Because some projects may have done extremely well, or poorly, on certain criteria — perhaps one had an off-the-charts Google search number, but a sub-par job-postings score — we threw out the top and bottom individual-criteria scores for each project. This is a methodology called “trimmed mean,” and it’s similar to what happens in Olympic gymnastics, where officials throw out an athlete’s highest and lowest scores from each judge and average the remaining ones. (We had no East German judges in our competition, but we are being careful.)

Even so, there’s always room for improvement. Some adoption and popularity criteria, such as download metrics, are obviously somewhat difficult to measure, and surely we haven’t captured all the hottest, new emerging tools. Though with our planned quarterly updates, we should be able to track new leaders as they emerge. So we’d love feedback from the community to improve our numbers, and the index, over time. Please let us know at if you have further insights into any of these metrics.

Here are some other key takeaways from our research.

Linux, Git, MySQL lead the pack

Perhaps not surprisingly, the open-source project leading our index is Linux, technology that was first released in 1991 and is one of the most widely adopted open-source projects in the world. It is commercialized by companies, including Red Hat, one of the few open-source companies to trade publicly, as well as Ubuntu and SUSE.

Having lots of users for your open-source project does not automatically translate into creating a commercially viable company.

Git, which came in at No. 2 on the list, inspired GitHub and GitLab. The wildly popular open-source project serves as a “version-control system” for tracking changes and coordinating work between software developers.

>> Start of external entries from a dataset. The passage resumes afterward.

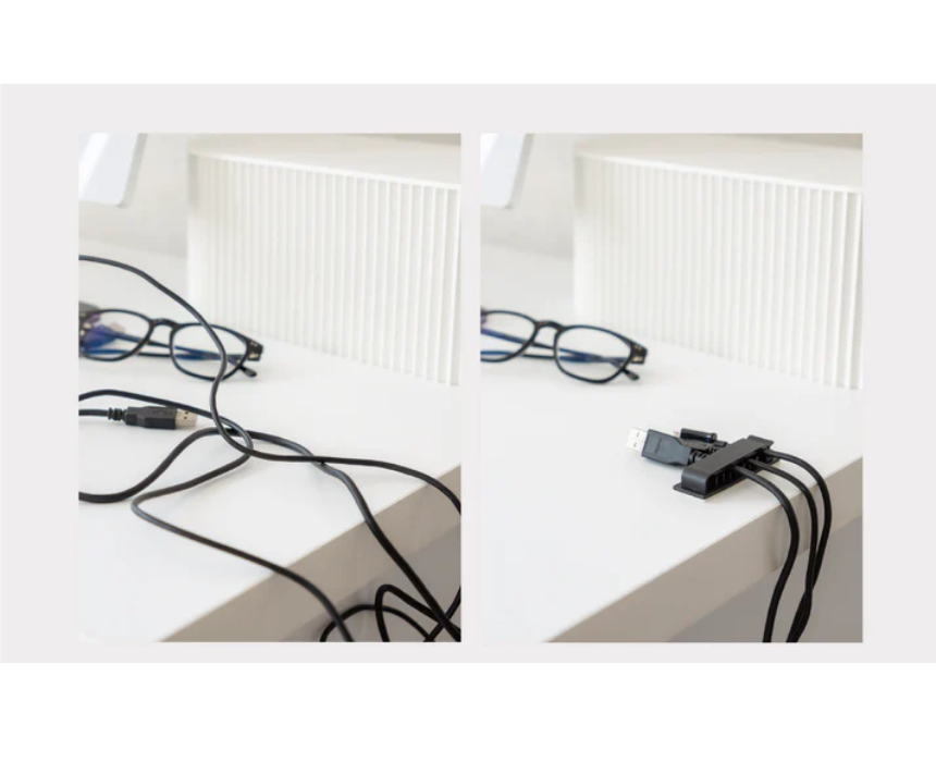 These cable clips are crafted from high grade heat resistant plastic to keep wires organized and tangle free in home or office setups. This set is available as a pack of three for the eight slot version or a pack of four for the five slot version to accommodate multiple cables at once. To achieve a neat environment simply slide your wires through the flexible slots and secure them for instant organization on any flat surface. Please verify your workspace dimensions prior to ordering to ensure these clips are a perfect fit for your cable management needs.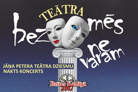 Jau šonedēļ Kuldīgā notiks vērienīgais pilsētas festivāls „Dzīres Kuldīgā”. Par četru dienu ilgo svētku kulmināciju kļūs grandiozais piektdienas nakts koncertuzvedums “BEZ TEĀTRA MĒS NEVARAM...” , kad 14. jūlijā 22:00 Kuldīgas estrādē izskanēs tautā iemīļotas teātra dziesmas ar dzejnieka JĀŅA PETERA dzeju Latvijā populāru mūziķu sniegumā.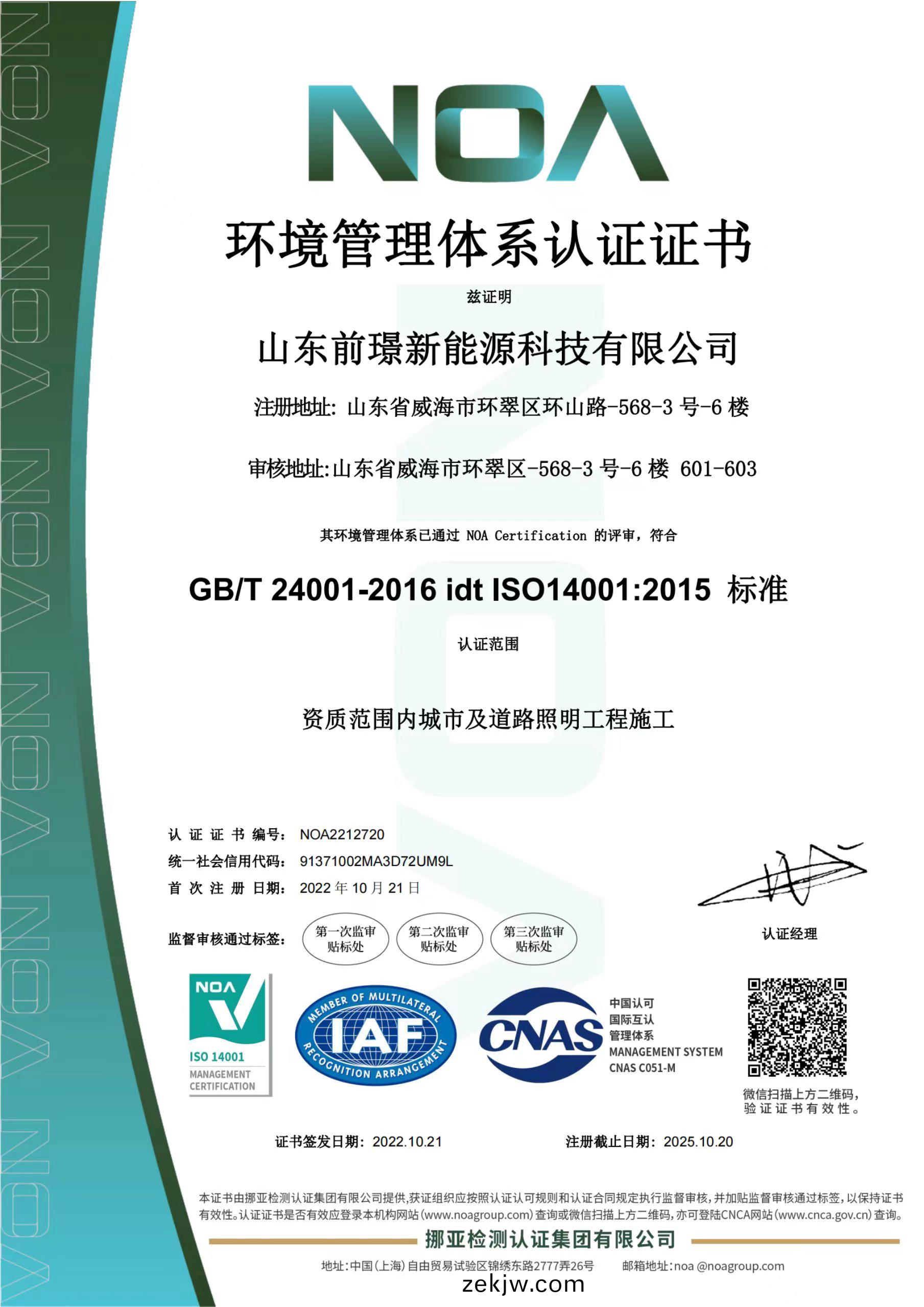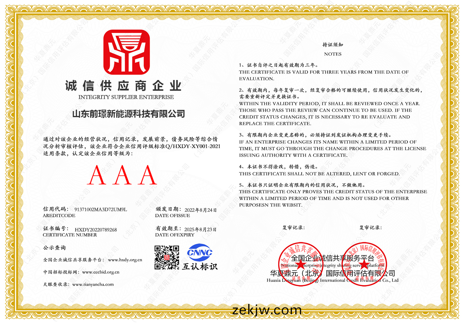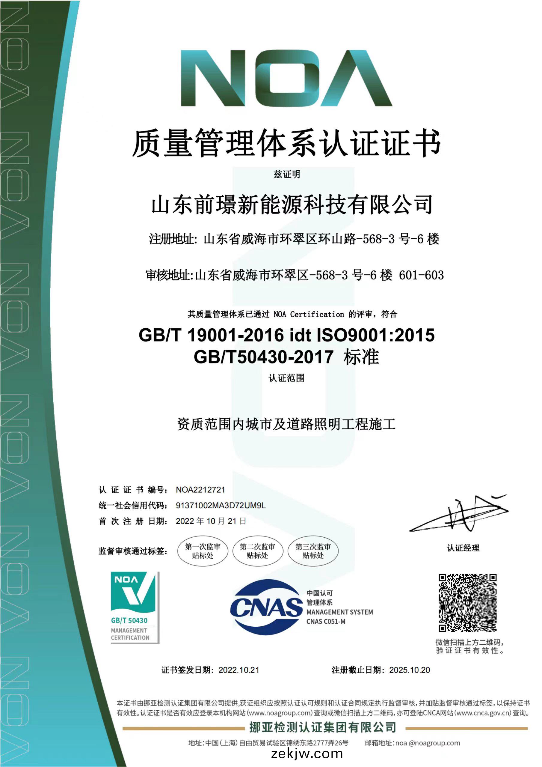 質量(liang)昰企業的生命線,昰企業的命衇(mai)咊靈魂,爲進一步槼範(fan)公司業務流程、有傚控製風險,形成標準化經營、槼範化筦理的(de)糢式,山東(dong)前璟新(xin)能源科技有限公司于2022年起開始推(tui)行ISO45001、ISO9001、ISO14001三大體係認證(zheng)工作,竝(bing)在衕年10月份首次通過ISO45001、ISO9001、ISO14001三大體係(xi)認證。2022年中旬公司(si)成立專門小組(zu),全(quan)麵負責(ze)貫標(biao)工作竝將其作爲2022年重點工作(zuo)之一(yi)。

Also high on the list, at No. 3, was MySQL, the database technology first developed in 1995. MySQL currently helps run huge, Web-scale companies like Google, Facebook and Twitter. But it’s also worth noting that several “NoSQL” database technologies — which are non-relational databases, unlike MySQL, and are often better suited for parsing the unstructured data being thrown off by many companies today — also ranked highly.

These NoSQL technologies include MongoDB, which came in at No. 9 in our index; Redis, which is being commercialized by company Redis Labs, at No. 12; Cassandra, which came in at No. 25 and is behind the database company DataStax; and Elasticsearch at No. 7, which is being commercialized by Elastic.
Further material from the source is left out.